Dari Tanah Karo sampai Manado, bencana mendera Indonesia. Mulai dengan letusan Gunung Sinabung, di Tanah Karo, Sumatera Utara, erupsi Gunung Marapi di Sumatera Barat, banjir yang melanda Jakarta dan sepanjang pantai utara Jawa, letusan Gunung Raung di Jawa Timur sampai banjir bandang di Manado, Sulawesi Utara. Sambung-menyambung! Penyebab banjir tak bisa dipisahkan dari praktek korupsi dari hulu sampai hilir. Penyebab gunung meletus dan gempa bumi memang peristiwa alam, bukan korupsi. Tapi, cara penanganan, upaya pencegahan jatuhnya korban dan pemberian bantuan kepada korban bencana selama ini tidak bebas dari praktek korupsi.
Korupsi menurut definisi yang lebih luas bukan hanya soal suap-menyuap atau “menilep” uang negara. Jauh lebih luas dari itu. Diskursus spiritual, teologi, intelektual dan moral tentang korupsi merumuskan bahwa korupsi adalah tindakan yang menyimpang dari kesucian atau penyimpangan dari sesuatu yang ideal.

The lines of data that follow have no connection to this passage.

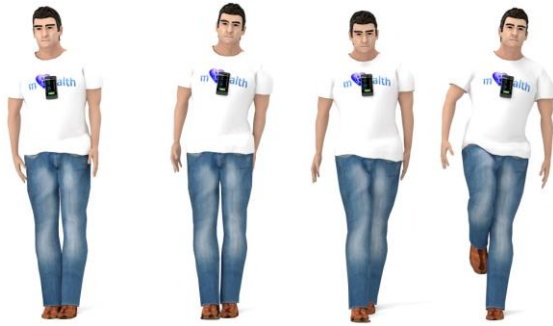
Figure 3. The 4-stage balance test feet positions

The 4SBT smartphone application consists of four tests that can be selected using the test selector screen. The application starts the test after the user presses ‘Start’ button on the display screen. The 4SBT tests provide the average chest movements during each of the four positions of the balance test. The application uses accelerometer signals to quantify relative displacement of the chest producing parameters described in Table III. The chest displacement values indicate the balance control of the subject. The lower displacement values demonstrate better stability during the tests.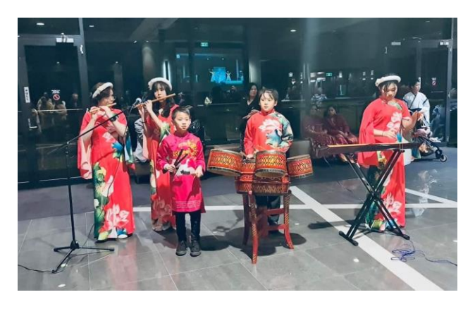
7 - Inner West Vietnamese Language School Inc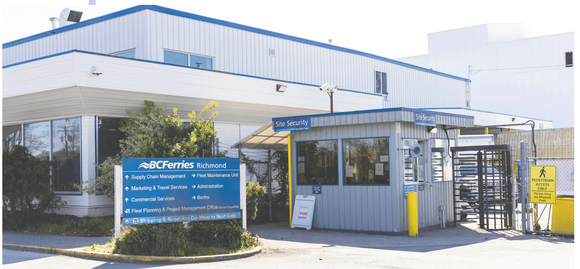
The women kidnapped in a violent home invasion in east Vancouver in 2023 say they found help after fleeing the car they were abandoned in and walking to this B.C. Ferries maintenance yard in Richmond.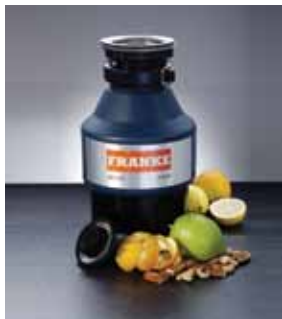
Waste Disposer 0.75Hp with Air Switch Product Code: 82 1079

Electrical Certification: SABS IEC 60 335-2-16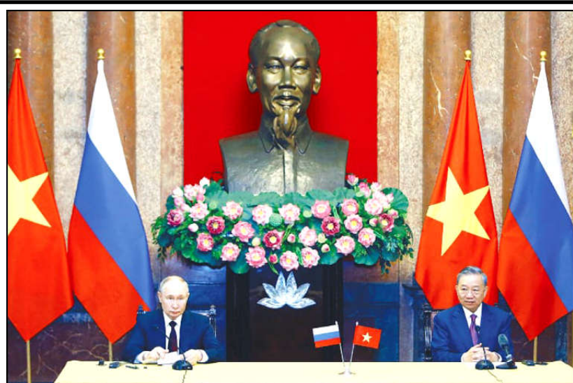
President Vladimir Putin and Vietnam's President To Lam take part in a press briefing at the Presidential Palace in Hanoi.

Jadi, korupsi meliputi penyalahgunaan wewenang dari pejabat legislatif, eksekutif dan yudikatif untuk kepentingan pribadi, kelompok, dan atau partai politik masing-masing sampai dengan perusakan lingkungan, termasuk pembabatan hutan liar (illegal logging), konversi lahan hutan menjadi ladang pertanian, perkebunan, pemukiman dan fasilitas wisata di daerah hulu sungai.

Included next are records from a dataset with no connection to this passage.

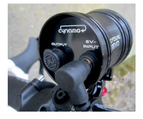
Above: No on-off switch means daytime running lights – unless you unplug the input cable

Crisply machined from aluminium billet and finished to Exposure Lights' usual immaculate standard, the Revo is nuggety, with external dimensions suggestive of a small battery light. It's reasonably light at 110g, including the handlebar mounting bracket. This neat component's hinged aluminium cradle clamps the handlebar centre bulge via a small M5 screw, and is supplied with adaptor sleeves to convert either from 35mm to 31.8mm or 31.8mm to 26mm depending on the bracket provided. The light clips to the bracket using a wedge-shaped cleat secured by a spring-loaded conical pin; both fitting and removal are quick and easy, and the system is both hard to get wrong and completely reliable if done correctly.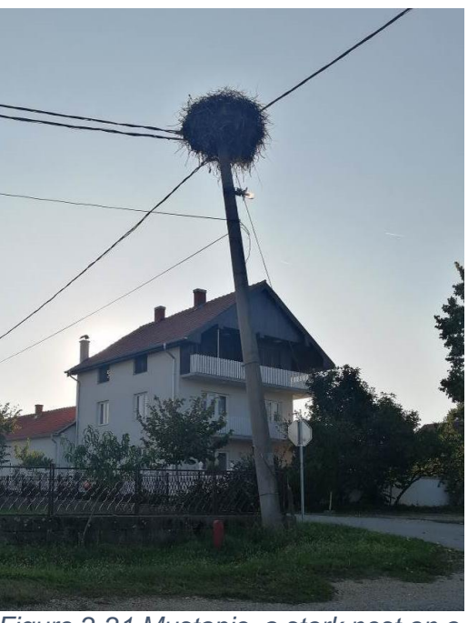
Figure 2-21 Mustapic, a stork nest on a public lighting pole, at km 50+970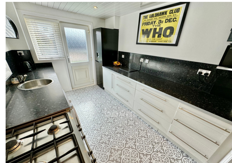
17 Maxwell Court, Beith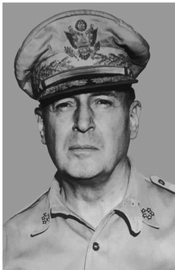
Gen. Douglas MacArthur

His name and fame are the birthright of every American citizen. In his youth and strength, his love and loyalty, he gave all that mortality can give. He needs no eulogy from me, or from any other man. He has written his own history and written it in red on his enemy's breast.

Pelaku korupsi tidak mengenal SARA (suku, antar golongan, ras dan agama), gender, profesi, lokasi dan usia. Semua agama melarang pemeluknya melakukan korupsi, tapi terbukti koruptor adalah orang-orang yang rajin beribadah di mesjid, gereja dan pura. Korupsi telah sukses melakukan regenerasi dan suksesi, karena usia pelakunya semakin muda saja. Korupsi berlangsung mulai dari hulu (posisi puncak), tengah sampai hilir, di pusat dan daerah.